▶ **Extracted data**
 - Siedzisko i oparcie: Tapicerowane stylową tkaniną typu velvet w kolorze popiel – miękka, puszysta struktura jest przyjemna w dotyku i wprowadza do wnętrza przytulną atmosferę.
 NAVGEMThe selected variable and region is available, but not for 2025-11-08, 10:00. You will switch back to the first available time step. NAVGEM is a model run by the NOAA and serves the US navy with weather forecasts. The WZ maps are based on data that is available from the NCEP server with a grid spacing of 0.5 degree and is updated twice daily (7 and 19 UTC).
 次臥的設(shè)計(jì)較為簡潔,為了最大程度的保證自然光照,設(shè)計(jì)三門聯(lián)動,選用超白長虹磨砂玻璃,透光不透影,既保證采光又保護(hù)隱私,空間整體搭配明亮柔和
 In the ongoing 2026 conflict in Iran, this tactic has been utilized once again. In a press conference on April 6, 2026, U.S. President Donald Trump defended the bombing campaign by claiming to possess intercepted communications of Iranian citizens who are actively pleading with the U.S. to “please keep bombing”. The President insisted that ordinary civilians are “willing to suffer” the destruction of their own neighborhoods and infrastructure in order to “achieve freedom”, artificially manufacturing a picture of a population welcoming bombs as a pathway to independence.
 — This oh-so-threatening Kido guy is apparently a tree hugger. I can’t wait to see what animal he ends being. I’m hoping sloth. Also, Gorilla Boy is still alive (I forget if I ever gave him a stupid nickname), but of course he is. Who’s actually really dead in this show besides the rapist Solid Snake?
--
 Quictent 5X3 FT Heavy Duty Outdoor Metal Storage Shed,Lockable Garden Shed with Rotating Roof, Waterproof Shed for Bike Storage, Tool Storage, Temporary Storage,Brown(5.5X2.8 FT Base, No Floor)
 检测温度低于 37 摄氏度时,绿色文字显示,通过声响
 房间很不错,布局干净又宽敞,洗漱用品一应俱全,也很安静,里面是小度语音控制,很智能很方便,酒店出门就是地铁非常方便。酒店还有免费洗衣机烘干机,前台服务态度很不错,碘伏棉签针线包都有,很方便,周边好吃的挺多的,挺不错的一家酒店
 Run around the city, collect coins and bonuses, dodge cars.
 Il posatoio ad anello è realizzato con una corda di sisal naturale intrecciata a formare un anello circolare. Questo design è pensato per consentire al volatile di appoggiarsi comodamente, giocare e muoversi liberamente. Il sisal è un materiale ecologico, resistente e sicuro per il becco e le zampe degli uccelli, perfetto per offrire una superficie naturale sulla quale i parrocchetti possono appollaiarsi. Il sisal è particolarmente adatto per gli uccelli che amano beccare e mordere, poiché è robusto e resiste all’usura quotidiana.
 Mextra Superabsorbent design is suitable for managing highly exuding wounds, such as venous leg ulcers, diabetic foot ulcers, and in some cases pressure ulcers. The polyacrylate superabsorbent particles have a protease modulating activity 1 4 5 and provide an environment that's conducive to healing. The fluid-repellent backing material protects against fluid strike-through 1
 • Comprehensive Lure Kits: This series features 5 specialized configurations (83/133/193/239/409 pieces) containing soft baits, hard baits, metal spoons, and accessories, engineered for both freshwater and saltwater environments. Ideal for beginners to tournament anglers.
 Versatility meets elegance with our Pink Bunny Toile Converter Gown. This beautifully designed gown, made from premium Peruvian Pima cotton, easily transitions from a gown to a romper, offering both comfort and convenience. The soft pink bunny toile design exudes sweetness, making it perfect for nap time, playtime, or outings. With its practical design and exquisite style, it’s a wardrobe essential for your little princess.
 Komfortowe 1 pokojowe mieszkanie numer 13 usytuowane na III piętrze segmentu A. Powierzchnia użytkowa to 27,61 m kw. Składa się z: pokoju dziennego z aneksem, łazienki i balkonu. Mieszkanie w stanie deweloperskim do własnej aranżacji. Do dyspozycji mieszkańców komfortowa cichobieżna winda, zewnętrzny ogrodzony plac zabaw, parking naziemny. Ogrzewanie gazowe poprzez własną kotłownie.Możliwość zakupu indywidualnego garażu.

▶ **Problem requirements**
From the records above, copy out the line with "Quictent 5X3 FT", the line with "Il posatoio ad", and every line between them, word for word.

▶ **Output**
 Quictent 5X3 FT Heavy Duty Outdoor Metal Storage Shed,Lockable Garden Shed with Rotating Roof, Waterproof Shed for Bike Storage, Tool Storage, Temporary Storage,Brown(5.5X2.8 FT Base, No Floor)
 检测温度低于 37 摄氏度时,绿色文字显示,通过声响
 房间很不错,布局干净又宽敞,洗漱用品一应俱全,也很安静,里面是小度语音控制,很智能很方便,酒店出门就是地铁非常方便。酒店还有免费洗衣机烘干机,前台服务态度很不错,碘伏棉签针线包都有,很方便,周边好吃的挺多的,挺不错的一家酒店
 Run around the city, collect coins and bonuses, dodge cars.
 Il posatoio ad anello è realizzato con una corda di sisal naturale intrecciata a formare un anello circolare. Questo design è pensato per consentire al volatile di appoggiarsi comodamente, giocare e muoversi liberamente. Il sisal è un materiale ecologico, resistente e sicuro per il becco e le zampe degli uccelli, perfetto per offrire una superficie naturale sulla quale i parrocchetti possono appollaiarsi. Il sisal è particolarmente adatto per gli uccelli che amano beccare e mordere, poiché è robusto e resiste all’usura quotidiana.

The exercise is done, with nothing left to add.